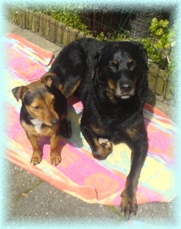 Honden foto's > A Kers > Samen na het douchen drogen op de handdoek!
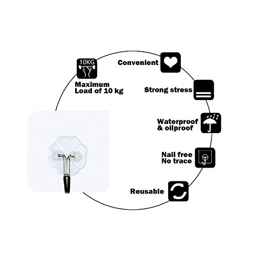 Flying swallow [20 Pezzi] Ganci Adesivi Trasparente Ganci Chiodo Libero Gancio Autoadesivo Adesivo Ganci a parete per Cucina Bagno Porta Soffitto Appendiabiti,Impermeabile e Oilproof
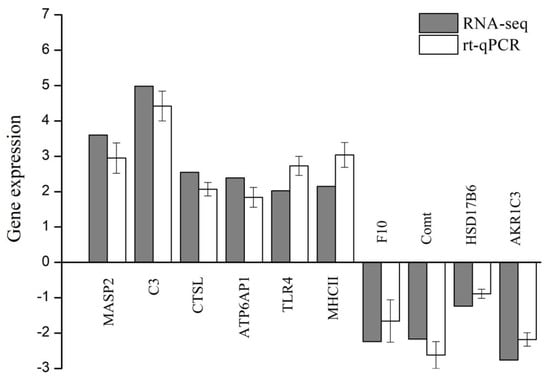 The ten DEGs involved in the three key pathways were randomly chosen, and their expressions were validated by real-time quantitative PCR (shown in Figure 5). The qPCR results were mainly consistent with the results of RNA-seq except for slight differences in expression levels.
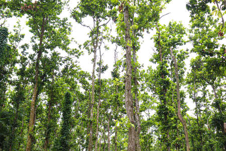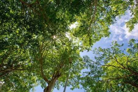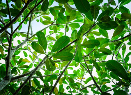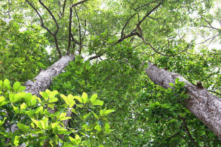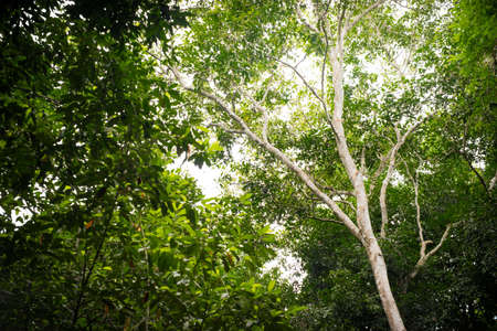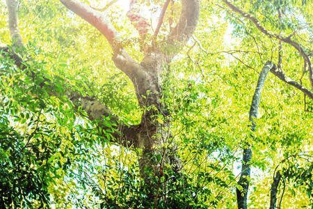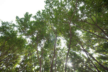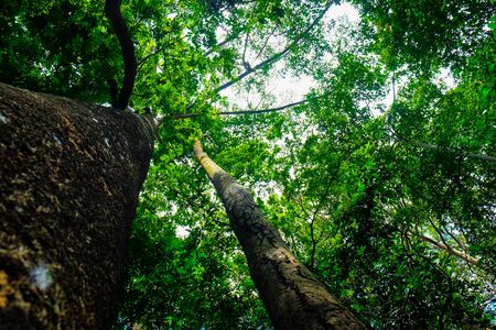 Under the big tree, Bottom view of the treetops of trees in forest show detail or pattern of green leaves in Thailand, Ant eye view with nature forest wood.

Try it:
Leave out the images and copy all remaining data word for word.

Answer space:
 Honden foto's > A Kers > Samen na het douchen drogen op de handdoek!
 Flying swallow [20 Pezzi] Ganci Adesivi Trasparente Ganci Chiodo Libero Gancio Autoadesivo Adesivo Ganci a parete per Cucina Bagno Porta Soffitto Appendiabiti,Impermeabile e Oilproof
 The ten DEGs involved in the three key pathways were randomly chosen, and their expressions were validated by real-time quantitative PCR (shown in Figure 5). The qPCR results were mainly consistent with the results of RNA-seq except for slight differences in expression levels.
 Under the big tree, Bottom view of the treetops of trees in forest show detail or pattern of green leaves in Thailand, Ant eye view with nature forest wood.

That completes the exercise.